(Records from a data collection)

----------

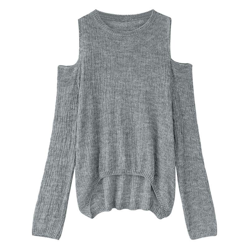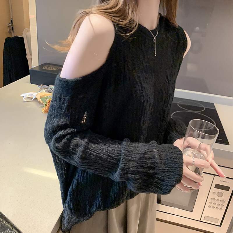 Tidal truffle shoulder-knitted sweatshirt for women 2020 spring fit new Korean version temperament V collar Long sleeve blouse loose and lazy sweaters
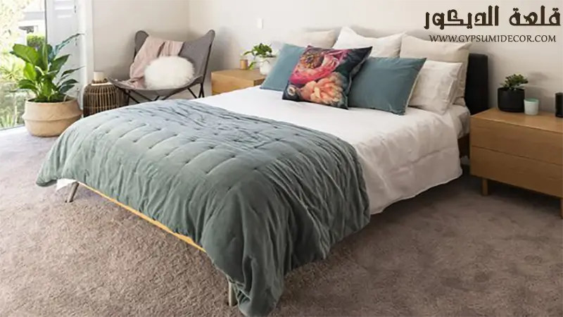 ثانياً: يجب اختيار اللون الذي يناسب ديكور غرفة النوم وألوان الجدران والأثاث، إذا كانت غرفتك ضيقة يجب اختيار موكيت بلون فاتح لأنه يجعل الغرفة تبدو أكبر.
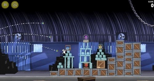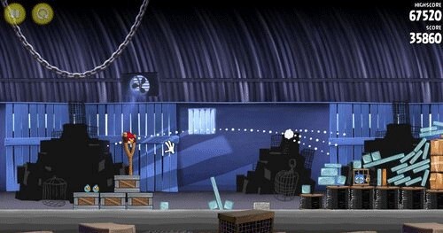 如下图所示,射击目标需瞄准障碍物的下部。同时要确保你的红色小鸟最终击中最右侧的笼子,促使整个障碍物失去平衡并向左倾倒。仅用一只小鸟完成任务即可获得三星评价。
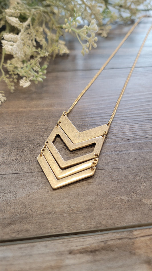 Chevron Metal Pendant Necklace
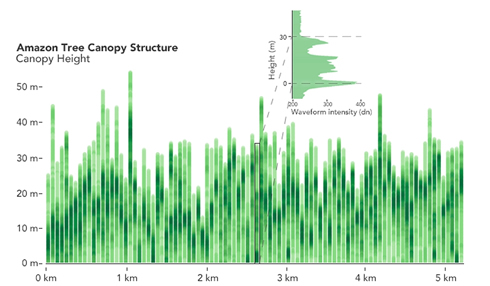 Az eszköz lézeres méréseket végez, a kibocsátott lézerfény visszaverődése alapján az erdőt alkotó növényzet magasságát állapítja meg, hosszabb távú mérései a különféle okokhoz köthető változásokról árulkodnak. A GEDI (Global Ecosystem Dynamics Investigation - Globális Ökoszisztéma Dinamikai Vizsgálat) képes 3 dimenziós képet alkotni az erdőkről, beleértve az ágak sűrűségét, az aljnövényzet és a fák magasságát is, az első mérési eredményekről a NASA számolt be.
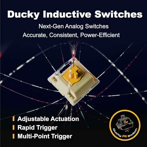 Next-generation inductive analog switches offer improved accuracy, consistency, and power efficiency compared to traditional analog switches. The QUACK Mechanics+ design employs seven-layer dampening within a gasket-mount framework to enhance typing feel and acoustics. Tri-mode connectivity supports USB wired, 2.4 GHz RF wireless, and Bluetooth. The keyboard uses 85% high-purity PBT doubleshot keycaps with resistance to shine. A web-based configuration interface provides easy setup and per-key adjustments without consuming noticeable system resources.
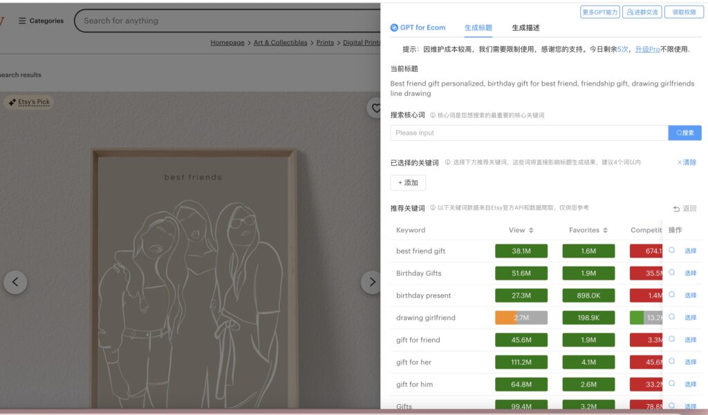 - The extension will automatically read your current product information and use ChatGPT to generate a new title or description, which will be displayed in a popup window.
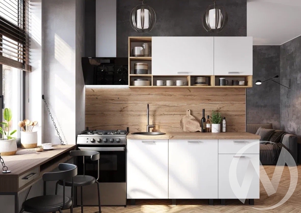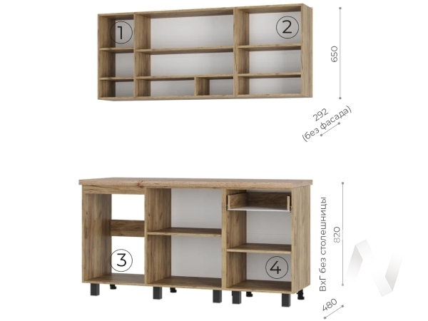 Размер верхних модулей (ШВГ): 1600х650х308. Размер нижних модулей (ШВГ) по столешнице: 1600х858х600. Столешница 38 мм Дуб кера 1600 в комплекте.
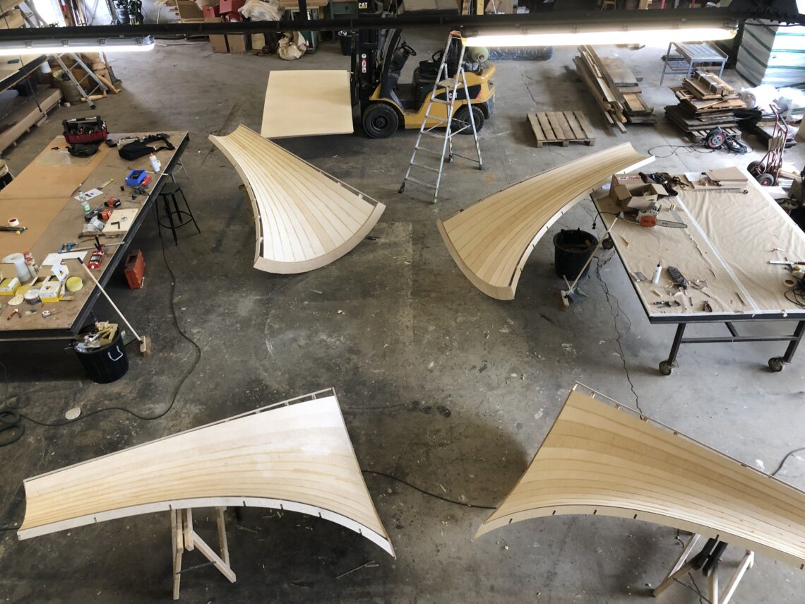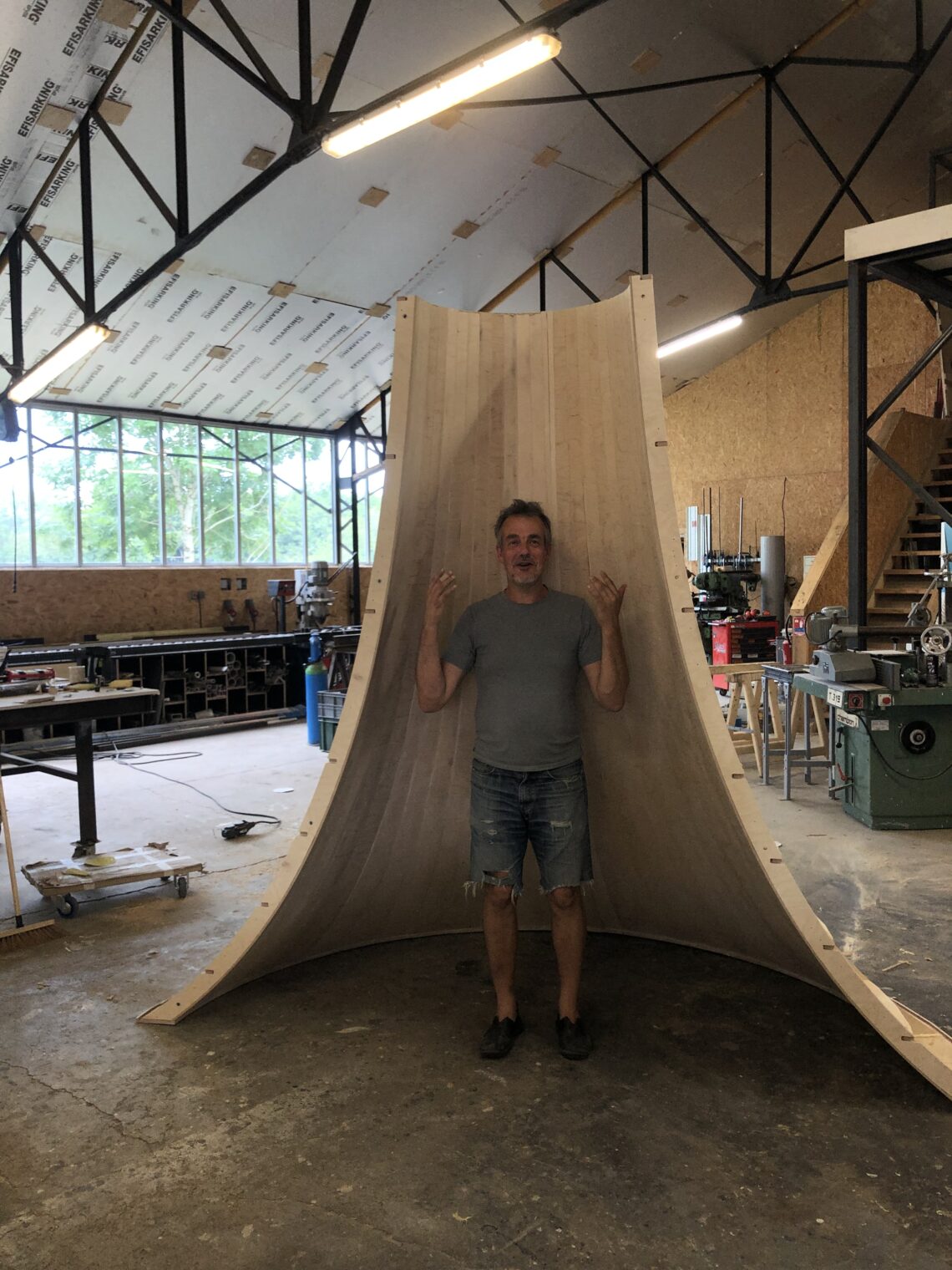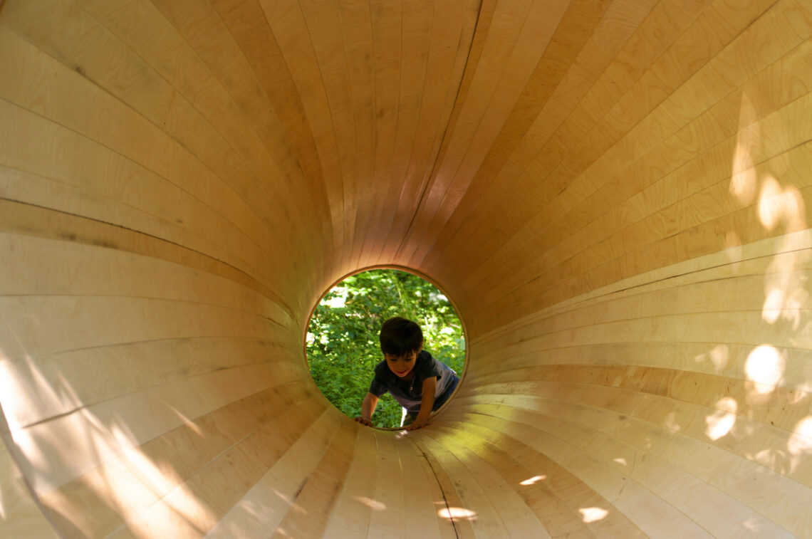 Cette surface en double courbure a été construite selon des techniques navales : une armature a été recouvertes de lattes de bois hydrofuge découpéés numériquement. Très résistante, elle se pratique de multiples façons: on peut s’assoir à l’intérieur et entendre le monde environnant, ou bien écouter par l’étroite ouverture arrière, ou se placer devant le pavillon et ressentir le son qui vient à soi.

----------

_PROMPT_
Restate each record from above word for word, excluding any picture it holds.

_TASK RESULT_
 Tidal truffle shoulder-knitted sweatshirt for women 2020 spring fit new Korean version temperament V collar Long sleeve blouse loose and lazy sweaters
 ثانياً: يجب اختيار اللون الذي يناسب ديكور غرفة النوم وألوان الجدران والأثاث، إذا كانت غرفتك ضيقة يجب اختيار موكيت بلون فاتح لأنه يجعل الغرفة تبدو أكبر.
 如下图所示,射击目标需瞄准障碍物的下部。同时要确保你的红色小鸟最终击中最右侧的笼子,促使整个障碍物失去平衡并向左倾倒。仅用一只小鸟完成任务即可获得三星评价。
 Chevron Metal Pendant Necklace
 Az eszköz lézeres méréseket végez, a kibocsátott lézerfény visszaverődése alapján az erdőt alkotó növényzet magasságát állapítja meg, hosszabb távú mérései a különféle okokhoz köthető változásokról árulkodnak. A GEDI (Global Ecosystem Dynamics Investigation - Globális Ökoszisztéma Dinamikai Vizsgálat) képes 3 dimenziós képet alkotni az erdőkről, beleértve az ágak sűrűségét, az aljnövényzet és a fák magasságát is, az első mérési eredményekről a NASA számolt be.
 Next-generation inductive analog switches offer improved accuracy, consistency, and power efficiency compared to traditional analog switches. The QUACK Mechanics+ design employs seven-layer dampening within a gasket-mount framework to enhance typing feel and acoustics. Tri-mode connectivity supports USB wired, 2.4 GHz RF wireless, and Bluetooth. The keyboard uses 85% high-purity PBT doubleshot keycaps with resistance to shine. A web-based configuration interface provides easy setup and per-key adjustments without consuming noticeable system resources.
 - The extension will automatically read your current product information and use ChatGPT to generate a new title or description, which will be displayed in a popup window.
 Размер верхних модулей (ШВГ): 1600х650х308. Размер нижних модулей (ШВГ) по столешнице: 1600х858х600. Столешница 38 мм Дуб кера 1600 в комплекте.
 Cette surface en double courbure a été construite selon des techniques navales : une armature a été recouvertes de lattes de bois hydrofuge découpéés numériquement. Très résistante, elle se pratique de multiples façons: on peut s’assoir à l’intérieur et entendre le monde environnant, ou bien écouter par l’étroite ouverture arrière, ou se placer devant le pavillon et ressentir le son qui vient à soi.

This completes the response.